For the orthorhombic symmetry, there are nine independent elastic constants: C₁₁, C₂₂, C₃₃, C₄₄, C₅₅, C₆₆, C₁₂, C₁₃, and C₂₃. These constants should satisfy the following six necessary and sufficient expressions: C₁₁ > 0, C₁₁C₂₂ > C₁₂², C₁₁C₂₂C₃₃ + 2C₁₂C₁₃C₂₃ − C₁₁C₂₃² − C₂₂C₁₃² − C₃₃C₁₂² > 0, C₄₄ > 0, C₅₅ > 0, C₆₆ > 0. For the monoclinic symmetry, it possesses thirteen independent elastic constants (C₁₁, C₂₂, C₃₃, C₄₄, C₅₅, C₆₆, C₁₂, C₁₃, C₂₃, C₁₅, C₂₅, C₃₅, and C₄₆) which should satisfy the following five necessary and sufficient expressions: C₁₁ > 0, C₂₂ > 0, C₃₃ > 0, C₄₄ > 0, C₅₅ > 0, C₆₆ > 0, C₁₁ + C₂₂ + C₃₃ + 2(C₁₂ + C₁₃ + C₂₃) > 0, C₃₃C₅₅ − C₃₅² > 0, C₄₄C₆₆ − C₄₆² > 0, C₂₂ + C₃₃ − 2C₂₃ > 0, C₂₂ (C₃₃C₅₅ − C₃₅²) + 2C₂₃C₂₅C₃₅ − C₂₃²C₅₅ − C₂₅²C₃₃ > 0, 2 [C₁₅C₂₅ (C₃₃C₁₂) − C₁₃C₂₃ + C₁₅C₃₅ (C₂₂C₁₃ − C₁₂C₂₃) + C₂₅C₃₅ (C₁₁C₂₃ − C₁₂C₁₃)] − [C₁₅² (C₂₂C₃₃ − C₂₃²) + C₂₅² (C₁₁C₃₃ − C₁₃²) + C₃₅² (C₁₁C₂₂ − C₁₂²)] + C₅₅g > 0. g = C₁₁C₂₂C₃₃ − C₁₁C₂₃² − C₂₂C₁₃² − C₃₃C₁₂² + 2C₁₂C₁₃C₂₃.
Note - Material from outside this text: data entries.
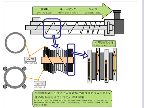 一、工作原理:的工作原理是由固定環(huán)和游動(dòng)環(huán)的相互層疊,螺旋軸貫穿其中形成的過濾裝置推動(dòng)。前端為濃縮部后端為脫水部。固定環(huán)和游動(dòng)環(huán)之間形成的濾縫以及螺旋軸的螺距從濃縮部到脫水部逐漸變小。螺旋軸的旋轉(zhuǎn)在推動(dòng)污泥從濃縮部到脫水部的同時(shí),也不斷帶動(dòng)游動(dòng)環(huán)清掃濾縫,防止堵塞。污泥在濃縮不經(jīng)過重力濃縮后,被運(yùn)輸...
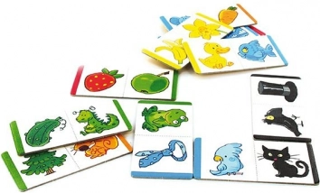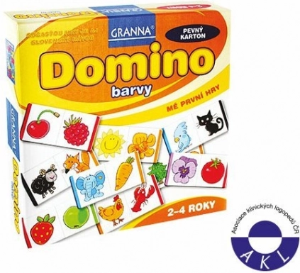 Det sjove billed-domino fra mærket GRANNAs hjælper børn fra 2 år med at lære farver og dyrenes navne. De enkelte brikker af kraftig karton passer præcist sammen, og spillet udvikler logisk tænkning, finmotorik og iagttagelsesevne. Der medfølger vejledning til 1 eller flere spillere samt anbefaling fra Foreningen af kliniske logopæder i Tjekkiet.
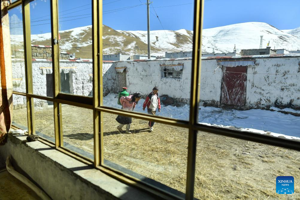 Sichod Drolma (L) arrives at home in Damxung County, southwest China's Xizang Autonomous Region, Nov. 15, 2023.
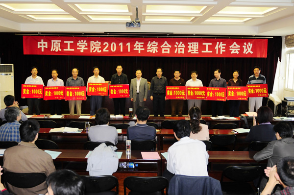 5月23日下午,新葡官网2011年综合治理工作会议在南区行政楼501会议室召开。学校党委副书记郭正让、副院长谷景立出席会议,各部门综合治理责任人参加会议。会议由保卫处处长吴翔胜主持。 谷景立副院长宣读了对2010年综合治理先进集体和先进个人进行表彰的决定,出席会议的校领导为先进集体颁奖。新葡官网获得综合治理先进集体,办公室主任黎瑛获得综合治理先进个人。
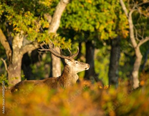 Naklejka premium Majestic red deer stag in autumnal woodland, sunlight illuminating its...
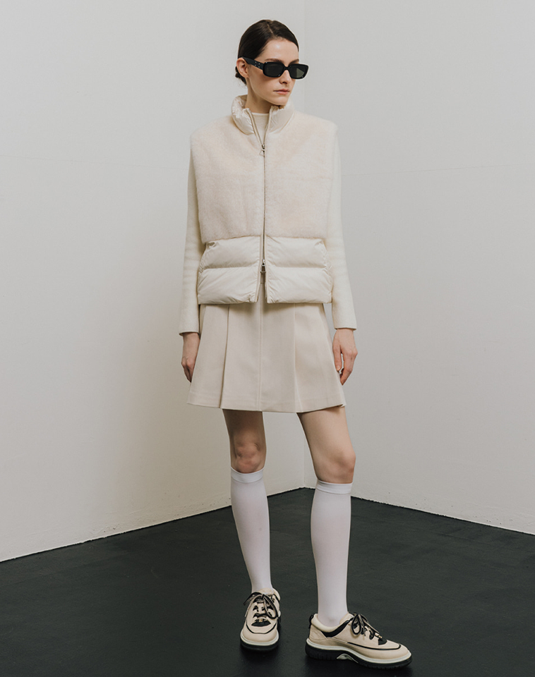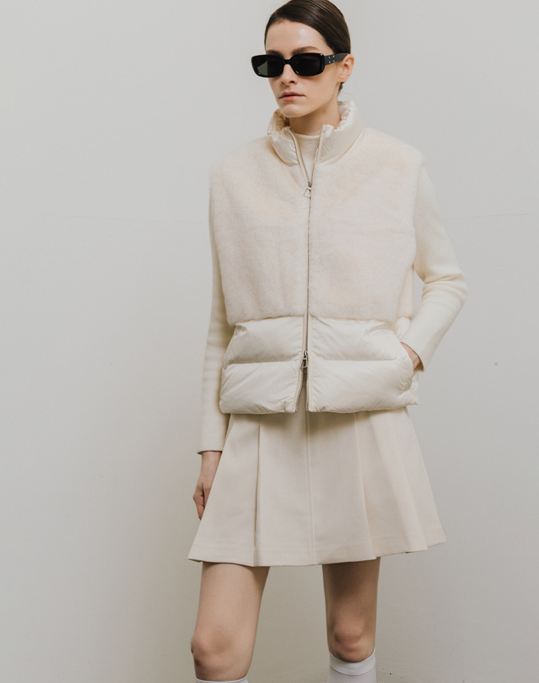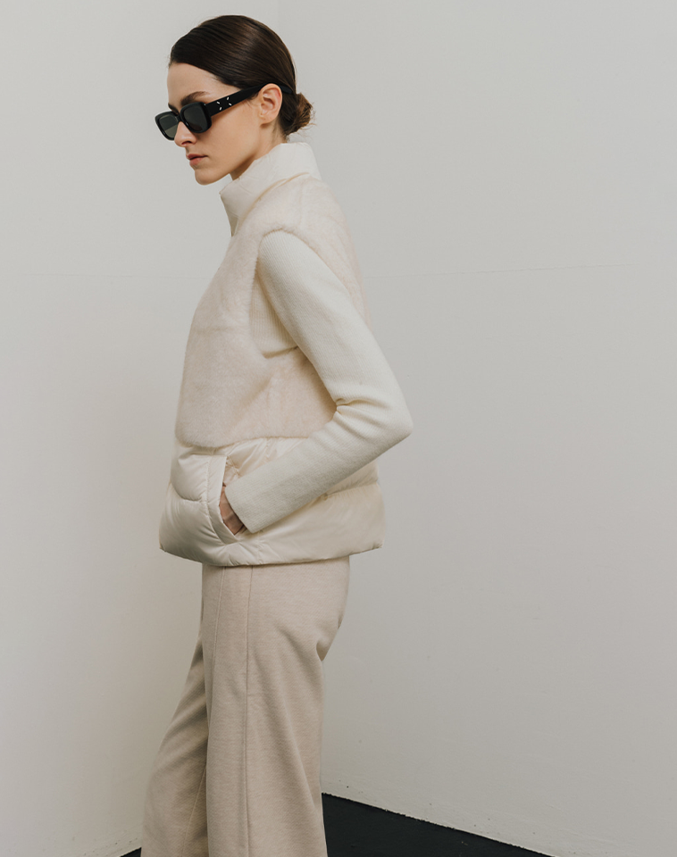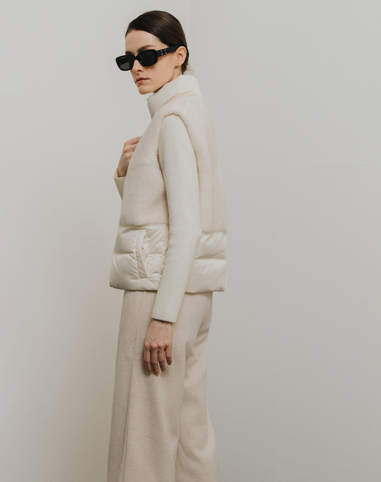 OBER Golf LUX Padded Combination Fur Vest - Ivory
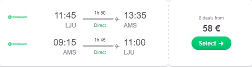 Nizkocenovni letalski prevoznik Transavia je s pomladjo pričel novo linijo in sicer med najbolj odštekanim mestom v Evropi (Amsterdam) in našo Ljubljano. Torej direktni leti so na voljo že za samo 58 €! Na voljo je več terminov v mesecu marcu prihodnje leto. Gremo?
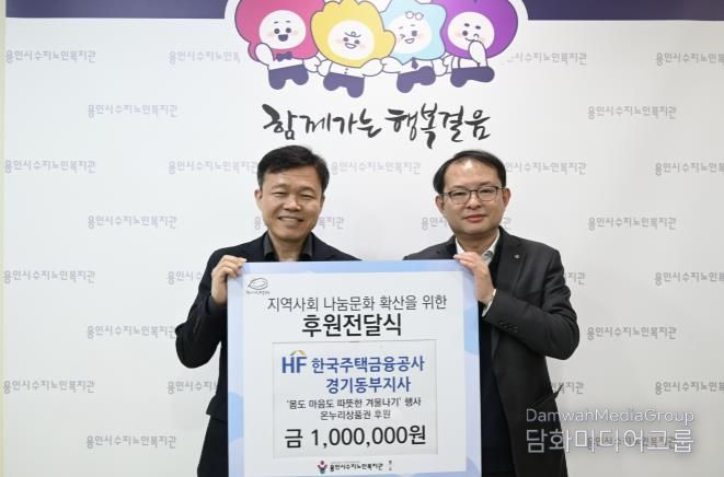 시민행정신문 강갑수 기자 | 지구촌사회복지재단에서 운영하고 있는 용인시수지노인복지관은 지난 2일, 한국주택금융공사 경기동부지사(지사장 전경환)와 함께 후원전달식을 진행했다.
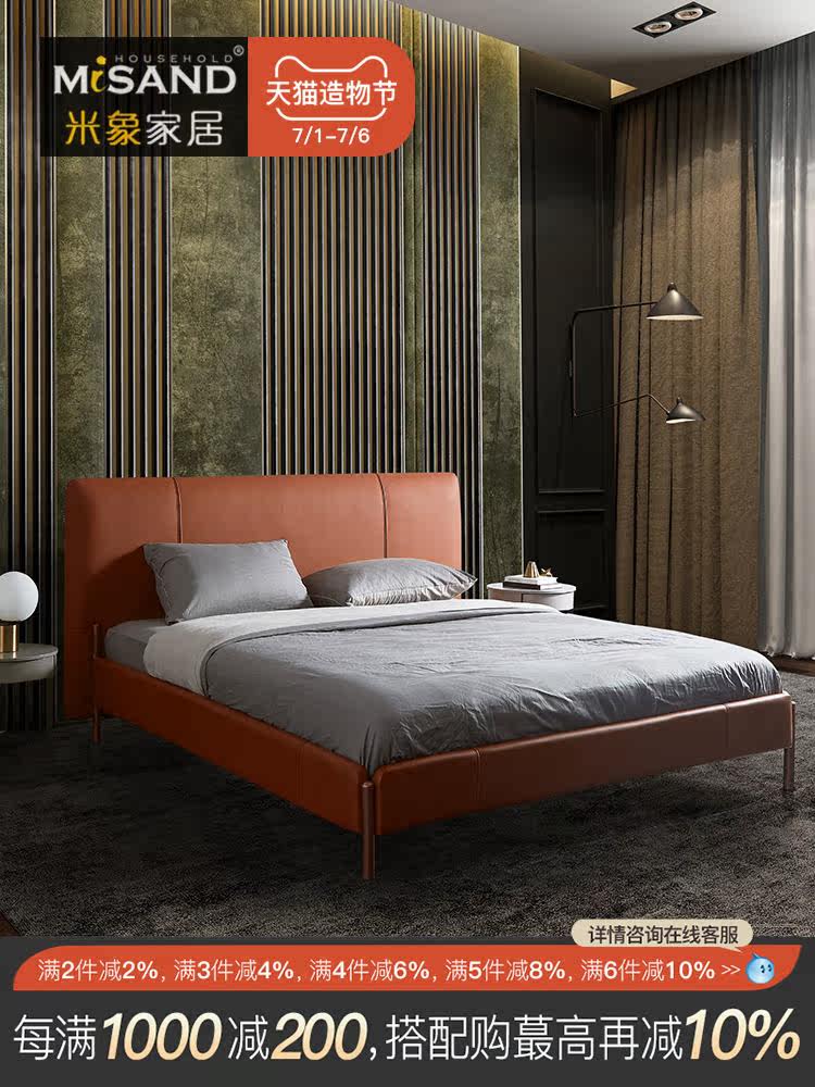 Скандинавская кровать Итальянская минималистичная кожаная кровать двуспальная кровать поколение Простота красный Брачная кровать, главная спальня, большая кровать, светлая роскошь из натуральной кожи кровать
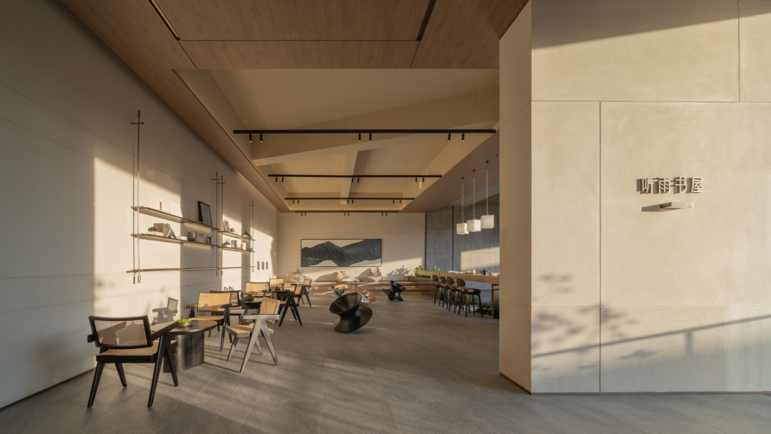 通過浮光廊橋到達建筑二層在架空層聽雨書屋處可稍作休憩,抑或品茶會友,抑或?qū)拈e談,既是空間序列的過渡,也不失為一處愜意的業(yè)主鄰里交流場所。
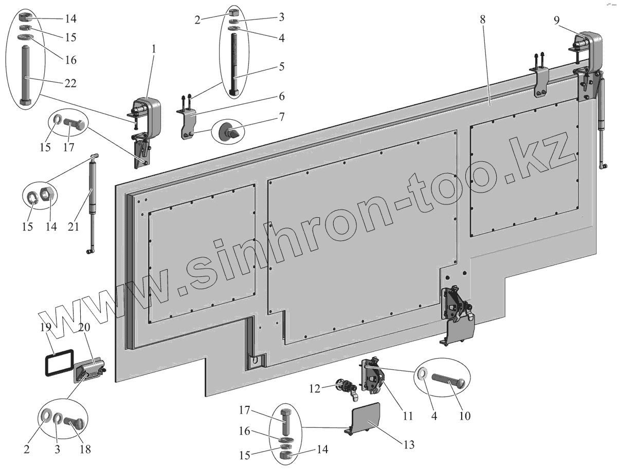 Каталог запасных частей к технике: АМАЗ МАЗ-103 (2011). Установка крышки люка моторного отсека
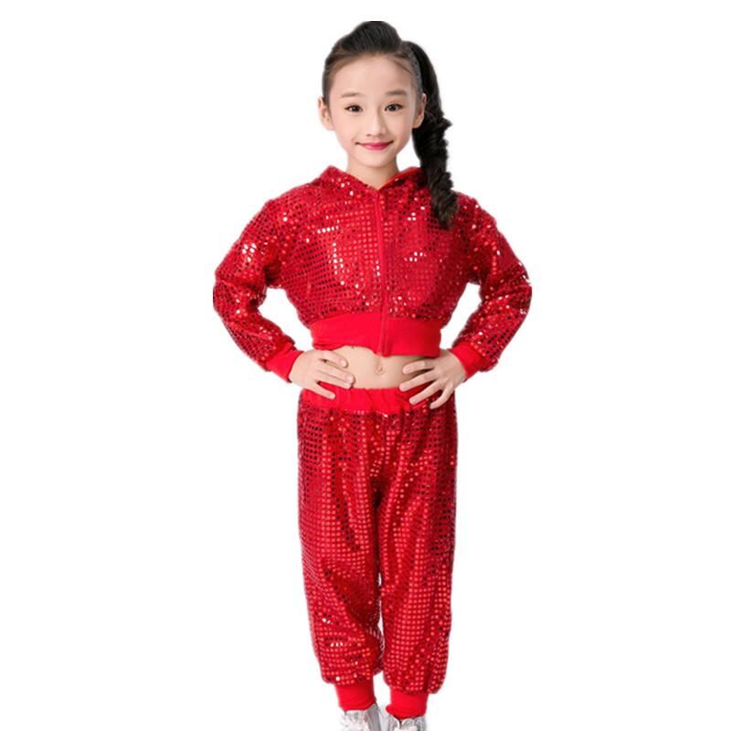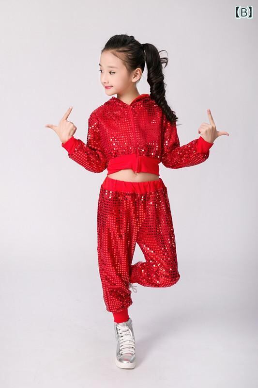 子供用ダンス衣装 上下セット チアリーディング 練習着 ジャズ ヒップホップ ストリートダンス スパンコール 舞台 演出服 コスチューム 男の子 女の子 100cm 110cm 120cm 130cm 140cm 150cm 160cm イエロー レッド
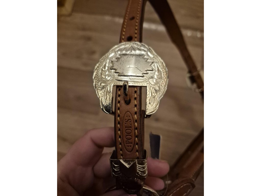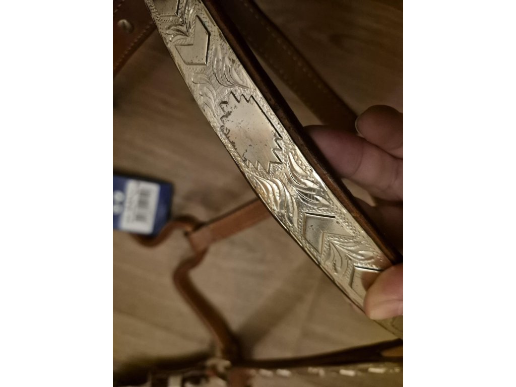 Sleva na poškrtané a oxidované stříbrné části. Westernová Show ohlávka se zdobením ve stříbrné barvě. Pozor, barva na obrázku odpovídá barvě Brown, nabízená barva je oříšek. Upozornění: tato ohlávka není nastavitelná pod nánosníkem, proto není vhodná pro Halter soutěže.
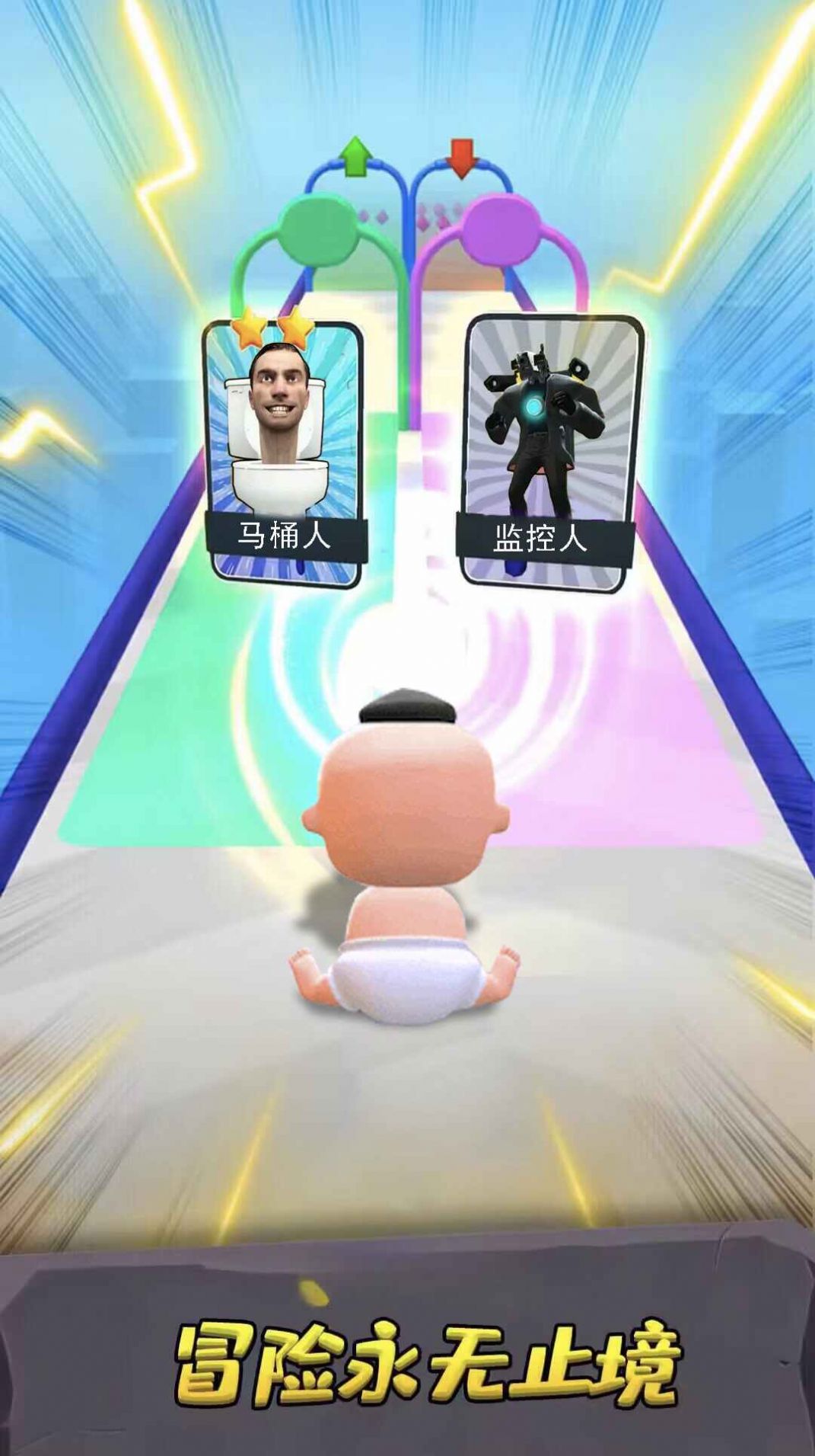公仔冲冲冲是一款非常好玩的手机趣味跑酷闯关游戏,这款游戏的玩法是需要玩家们在跑酷赛道中控制一个可爱的婴儿进行跑酷成长体验,在这里你需要在地图上快速的选择婴儿的进化路线,看是要成为天使一样的宝宝,还是成为可怕的捣蛋鬼,游戏的玩法非常的休闲趣味,值得玩家们下载体验。
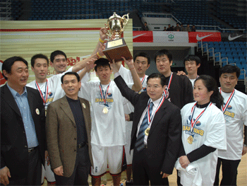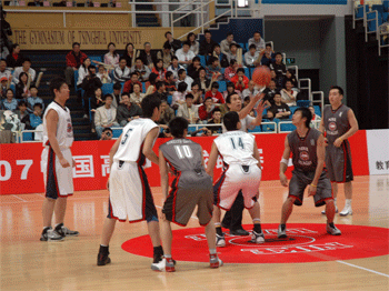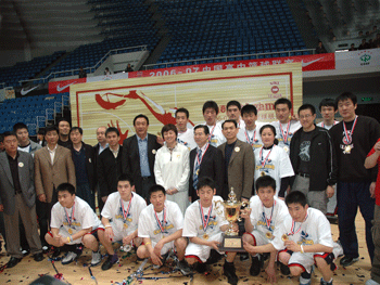 激烈的比赛现场 王殿军校长和男篮队员高举冠军奖杯
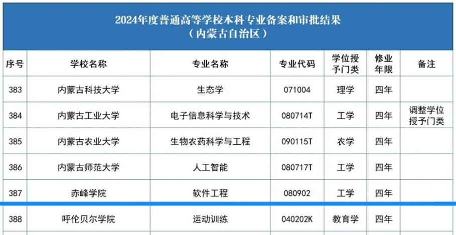 近日,教育部发布了《教育部关于公布2024年度普通高等学校本科专业备案和审批结果及〈普通高等学校本科专业目录(2025年)〉的通知》(教高函〔2025〕3号),我校获批新增四年制工学本科专业“软件工程(080902)”。至此,我校共有本科专业57个,理工农医类专业占比持续上升。今后,学校将继续按照教育部等五部门印发的《普通高等教育学科专业设置调整优化改革方案》(教高〔2023〕1号)有关要求及《赤峰学院本科专业设置与优化调整管理办法》(赤院院字〔2024〕17号),持续优化专业结构,进一步提升专业设置与社会需求的契合度。

In order to evaluate the accuracy and validity of the method used, the mechanical properties of diamond are initially calculated first, and the results are listed in Table 3. The calculated elastic stiffness constants are in good agreement with the experimental data.^33,34 Next, the elastic stiffness constants of the C_1+xN_1−x systems are calculated and given in Table 3. Consequently, the elastic stiffness constants of all systems satisfy the mechanical criteria, indicating their mechanical stability.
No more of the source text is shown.